Global Initiative to Combat Nuclear Terrorism: Joint Fact Sheet. G8 Documents (St. Petersburg, 2006)
The Global Initiative to Combat Nuclear Terrorism will enhance cooperation between and build the capacity of all willing partner nations to combat the global threat of nuclear terrorism. This cooperation will include determined and systematic efforts to:
- improve accounting, control, and physical protection of nuclear material and radioactive substances, as well as security of nuclear facilities;
- detect and suppress illicit trafficking or other illicit activities involving such materials, especially measures to prevent their acquisition and use by terrorists;
- mrespond to and mitigate the consequences of acts of nuclear terrorism;
- ensure cooperation in the development of technical means to combat nuclear terrorism;
- ensure that law enforcement takes all possible measures to deny safe haven to terrorists seeking to acquire or use nuclear materials;
- to strengthen our respective national legal frameworks to ensure the effective prosecution of, and the certainty of punishment for, terrorists and those who facilitate such acts.
Presidents Bush and Putin have committed to combating the threat of nuclear terrorism and pursuing the necessary steps with other willing partner nations to combat nuclear terrorism.
"Over the last two years, a great coalition has come together to defeat terrorism and to oppose the spread of weapons of mass destruction -- the inseparable commitments of the war on terror...Terrorists and terror states are in a race for weapons of mass murder, a race they must lose. Terrorists are resourceful; we're more resourceful. They're determined; we must be more determined. We will never lose focus or resolve. We'll be unrelenting in the defense of free nations, and rise to the hard demands of dangerous times."
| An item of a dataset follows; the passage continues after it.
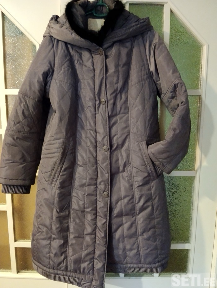 Пальто зимнее, свободного кроя, темно-серого цвета, застёжка молния с планкой на кнопках, с капюшоном, воротник с тонкой окантовкой искусственного меха черного цвета, с карманами, в рукавах манжеты с широкой резинкой, что хорошо сберегает тепло. Размер на рос.этикетке 50-51, но на самом деле 54-56, наверное даже 58 подойдёт. Можно померять.

"The greatest threat before humanity today is the possibility of secret and sudden attack with chemical or biological or radiological or nuclear weapons...What has changed in the 21st century is that, in the hands of terrorists, weapons of mass destruction would be a first resort -- the preferred means to further their ideology of suicide and random murder. These terrible weapons are becoming easier to acquire, build, hide, and transport. Armed with a single vial of a biological agent or a single nuclear weapon, small groups of fanatics, or failing states, could gain the power to threaten great nations, threaten the world peace...America, and the entire civilized world, will face this threat for decades to come. We must confront the danger with open eyes, and unbending purpose. I have made clear to all the policy of this nation: America will not permit terrorists and dangerous regimes to threaten us with the world's most deadly weapons.
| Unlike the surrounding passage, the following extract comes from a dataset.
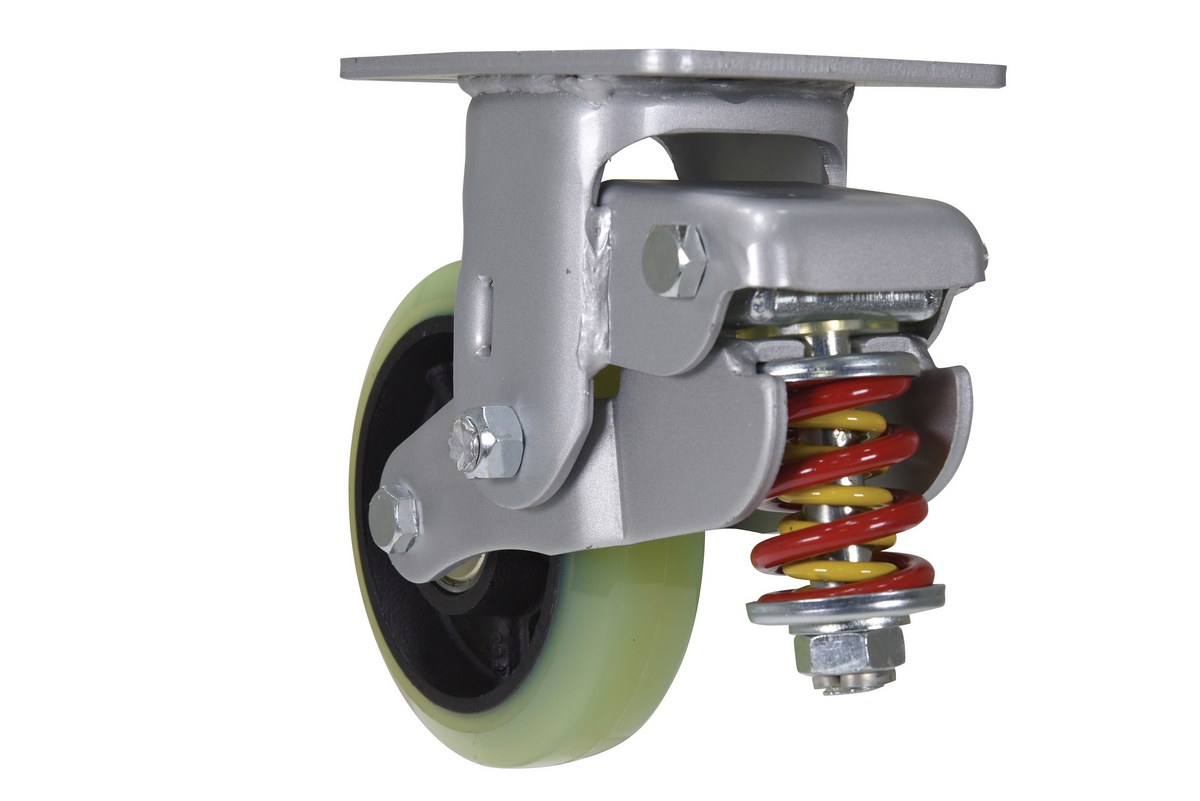 These Japanese engineered casters are one of the only in the market specially designed for spring-loading AND towing applications. Its high-performance polyurethane is abrasion resistant and tolerates longer distances, while providing great absorption. The state-of-theart caster raceway is made up of both a radial bearing that allows for smooth operation for towing applications, and a thrust bearing, which provides paramount absorption for heavy loads. The springs provide extra support for sensitive product. Yellow tread color. 92 +/-5 Shore A. Made in China.

President George W. Bush, February 11, 2004
"Our shared task is to create a united front in the struggle against this evil. Any attempts to instigate terrorism, accommodate terrorists, or use terrorists for political means or goals must meet general condemnation...On behalf of our countries, we have just signed the International Convention for the Suppression of Acts of Nuclear Terrorism. As you know, Russia was the initiator of this document and we thank our partners for their support. The result of this teamwork is an effective legal tool to prevent real threats, such as terrorist use of weapons of mass destruction."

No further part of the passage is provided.